Excerpts from a dataset:
──────
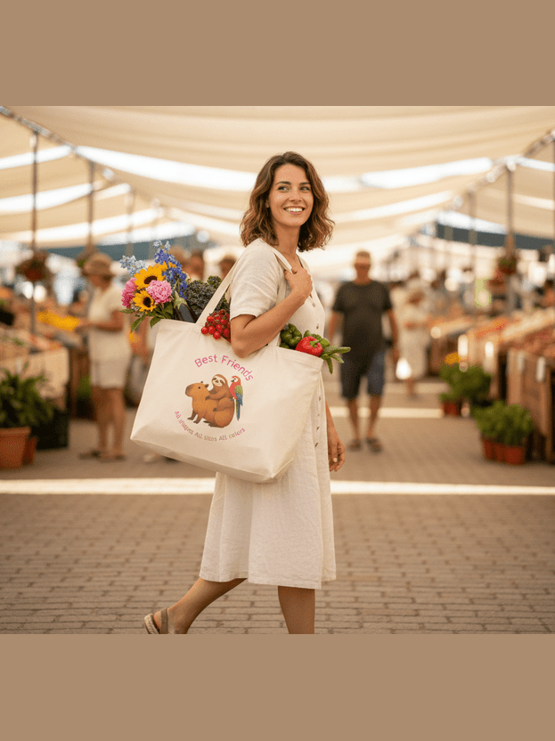 Lightweight, grounded, and quietly joyful — this large eco tote carries more than groceries. Made from sturdy 100% organic cotton twill, it feels soft in your hands while holding up to 30 lbs and daily wear. The wide flat bottom and generous 6‑gallon (23 L) capacity make room for market finds, library stacks, beach towels, or a weekend picnic. Natural tones and a playful illustration of three animal friends give it a gentle, inclusive vibe that reads like a little neighborhood smile. Because it’s OEKO‑TEX, OCS and GRS certified and PETA‑approved vegan, bringing this bag into your routine also feels like a small, responsible choice — practical, sustainable, and quietly cheerful for errands, outings, and everyday carry.
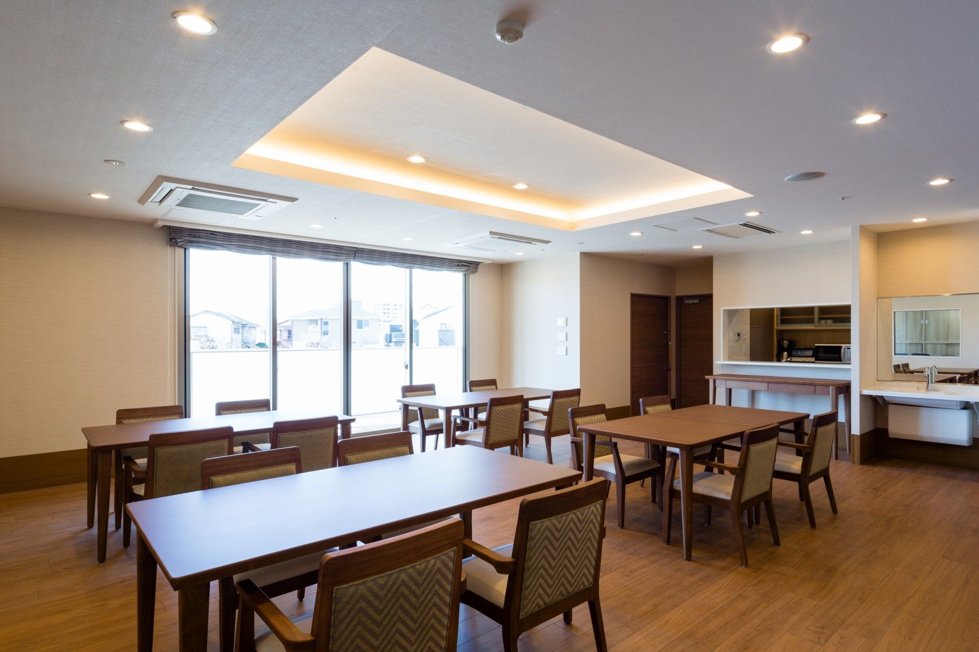 毎日のお食事だけでなく、日々のアクティビティや機能訓練などが行われ日常を仲間と過ごす空間です。
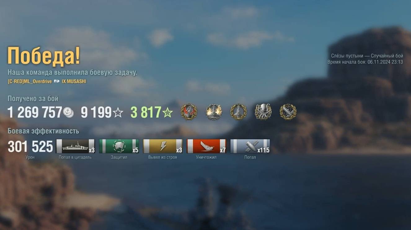 Линкор Musashi: +301к урона 7 фрагов на карте Слёзы пустыни - World of Warships
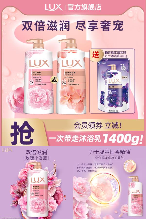 【券后29.9】双倍滋润精华肌肤尽享奢宠,力士娇肤香氛沐浴露,恒久嫩肤。力士香氛沐浴露萃取天然依兰精油在肌肤沐浴刹那恒香分子附着肌肤
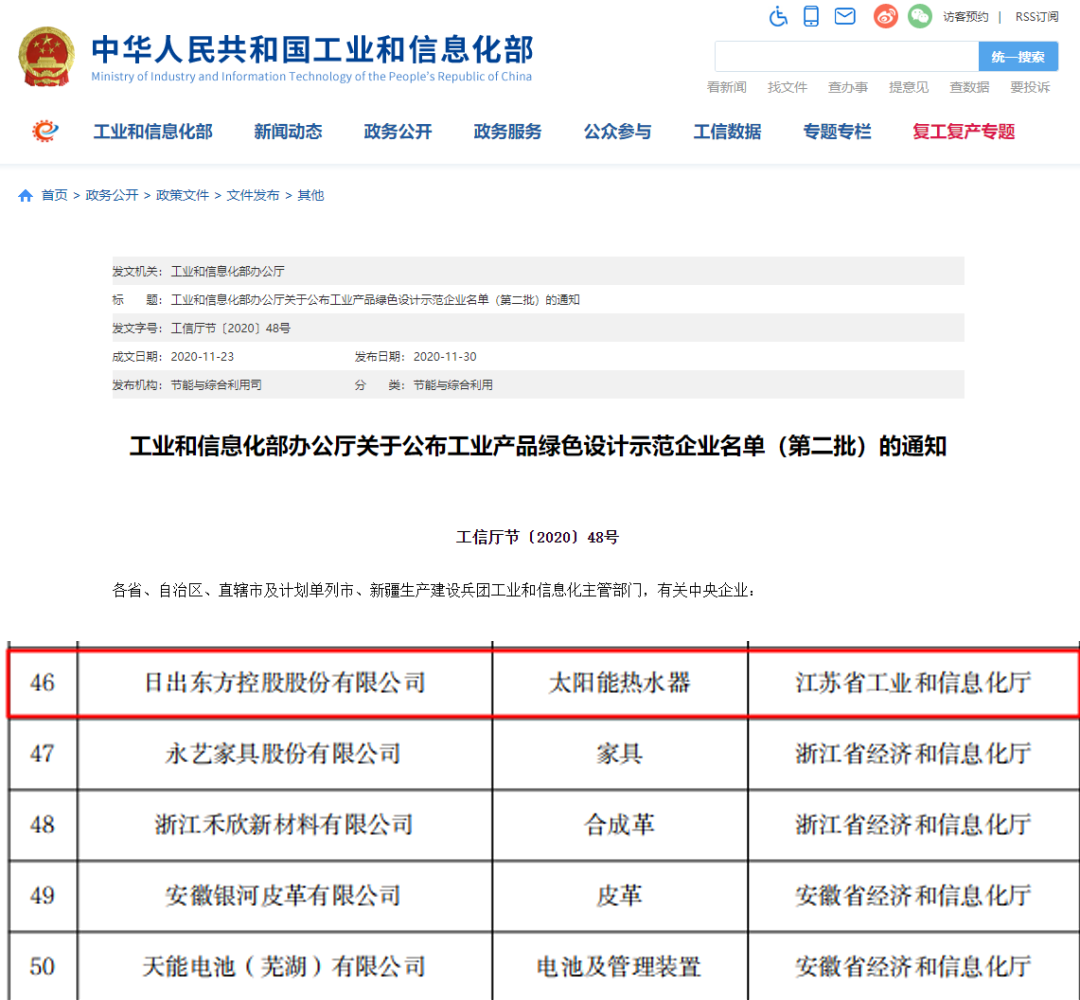 11月30日,工业和信息化部发布了《工业和信息化部办公厅关于公布工业产品绿色设计示范企业名单(第二批)的通知》,太阳雨集团获评第二批工业产品绿色设计示范企业。
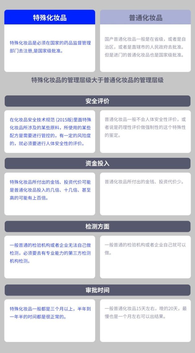 特殊化妆品相比普通化妆品,耗费更多的资金、更长的注册时间、更多的检测项目,这是对品牌、对产品、对市场的多方考验。
──────
* _REQUIREMENT_
Copy exactly, and only, the lines running from the one containing "11月30日,工业和信息化部" through the final line of the data, and omit the pictures.

* _SOLUTION TO THE PROBLEM_
 11月30日,工业和信息化部发布了《工业和信息化部办公厅关于公布工业产品绿色设计示范企业名单(第二批)的通知》,太阳雨集团获评第二批工业产品绿色设计示范企业。
 特殊化妆品相比普通化妆品,耗费更多的资金、更长的注册时间、更多的检测项目,这是对品牌、对产品、对市场的多方考验。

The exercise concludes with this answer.